Here is the breakdown of the All Weather Portfolio.

  • 15% intermediate term treasuries

  • 40% long term treasuries

  • 30% US Stocks

  • 7.5% Gold

  • 7.5% Commodities (diversified)

How does it perform relative to S&P 500? Here are the results for the past decade (2011 to present)

Portfolio 1- represents the All Weather Portfolio (VTI, VGLT, VGIT, IAU, DBC as representations of individual components) (Source: Portfolio Visualizer)

While you have a lesser CAGR value for the All Weather Portfolio (7.54%) as compared to the Vanguard 500 Index (12.12%), you also suffer a lesser max drawdown for the All Weather Portfolio. Overall, the sharpe ratio for the All Weather Portfolio is still better than Vanguard 500 Index.

If you look closely at the end of the graph (this is when the sharp drop in stock market happens in March this year), you will notice that there is a drop in portfolio value for Vanguard 500 index. In the same period, there is hardly a dent in the All Weather Portfolio and that gives testament on its ability to withstand "all weathers".

Despite it being a stable portfolio for most economic periods, young investors who could tolerate a bit more risk tend to opt for other portfolio choices which might give higher returns despite having a riskier profile. Nonetheless, I'm of the opinion that the All Weather Portfolio could still form the basis for sound investing with possibilities to make possible tweaks in various areas to suit your needs (eg. adjusting risk parities, including leveraged ETFs etc).
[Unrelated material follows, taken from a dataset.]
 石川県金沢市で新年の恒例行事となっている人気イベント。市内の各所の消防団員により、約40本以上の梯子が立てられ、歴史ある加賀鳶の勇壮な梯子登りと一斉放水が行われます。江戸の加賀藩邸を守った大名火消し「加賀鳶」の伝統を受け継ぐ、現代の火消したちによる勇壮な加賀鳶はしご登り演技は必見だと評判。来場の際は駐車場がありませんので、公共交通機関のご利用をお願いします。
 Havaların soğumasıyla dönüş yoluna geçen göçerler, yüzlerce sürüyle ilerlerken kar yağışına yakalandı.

I might explore more of this in a later post.

The second typical portfolio which I like to introduce is the Golden Butterfly Portfolio by Tyler of

Similar to the All Weather Portfolio, the Golden Butterfly Portfolio is also meant to be a recession proof portfolio to withstand various economic situations with a little twist.

Here is the breakdown of the Golden Butterfly Portfolio.
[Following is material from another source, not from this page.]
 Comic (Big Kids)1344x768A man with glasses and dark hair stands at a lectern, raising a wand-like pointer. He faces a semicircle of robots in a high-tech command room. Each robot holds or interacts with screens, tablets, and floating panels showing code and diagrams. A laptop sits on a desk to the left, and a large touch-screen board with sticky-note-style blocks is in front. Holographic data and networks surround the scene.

  • 20% short term treasuries

  • 20% long term treasuries

  • 20% US Small Cap

  • 20% Total US Stocks

  • 20% Gold

The immediate difference you can see here is that the Golden Butterfly Portfolio has a heavier weightage on gold and stocks with a particular emphasis on Small Cap (which arguably beats Large Cap historically). This pushes the portfolio to achieve better returns during economic growth periods, which may suit certain investors if they believe the economy is growing and like to capitalise on the growth. Hence, the Golden Butterfly Portfolio differs from the All Weather Portfolio in the sense that it favours the economic growth period more as compared to other economic environments.

How does it perform relative to S&P 500 in the same period then? Here are the results.
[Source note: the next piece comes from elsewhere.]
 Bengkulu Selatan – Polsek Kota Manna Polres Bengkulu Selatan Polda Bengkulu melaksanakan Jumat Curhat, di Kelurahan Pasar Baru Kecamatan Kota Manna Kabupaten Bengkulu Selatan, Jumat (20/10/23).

Portfolio 1- represents the Golden Butterfly Portfolio (VTI, VGLT, VGBR, IAU, VGSH as representations of individual components) (Source: Portfolio Visualizer)

Similar to the All Weather Portfolio, the Golden Butterfly Portfolio has a lower CAGR but a lesser max drawdown and higher Sharpe Ratio as compared to Vanguard 500 Index. Also, the Golden Butterfly Portfolio has hardly a dent as compared to the Vanguard 500 Index during the sharp drop in stock market during March this year, just like the All Weather Portfolio.

As compared to the All Weather Portfolio, here is how it stands.

CAGR: 7.54% (AWP), 6.83% (GBP)

Max drawdown: -6.13% (AWP), -7.15% (GBP)

Sharpe ratio: 1.24 (AWP), 0.94 (GBP)

In this comparison, the All Weather portfolio edges out.


The above portfolios are two examples of recession proof portfolios which you might like to take a closer look as most of the countries in the world looks into entering a possible multi-years recession. There are several more of such portfolios (eg. Permanent Portfolio and Ivy Portfolio which are worth a look too if you are interested to discover more of such all economic climate portfolios.

With suitable tweaks in the choice of ETFs and inclusion/adjustment of risk parities in these textbook portfolios , you might be looking at creating your own version of recession proof portfolio that is suitable for your risk appetite and be on your way to emerging unscathed in the next economic downturn.

More on such topics will be discussed in upcoming blog posts.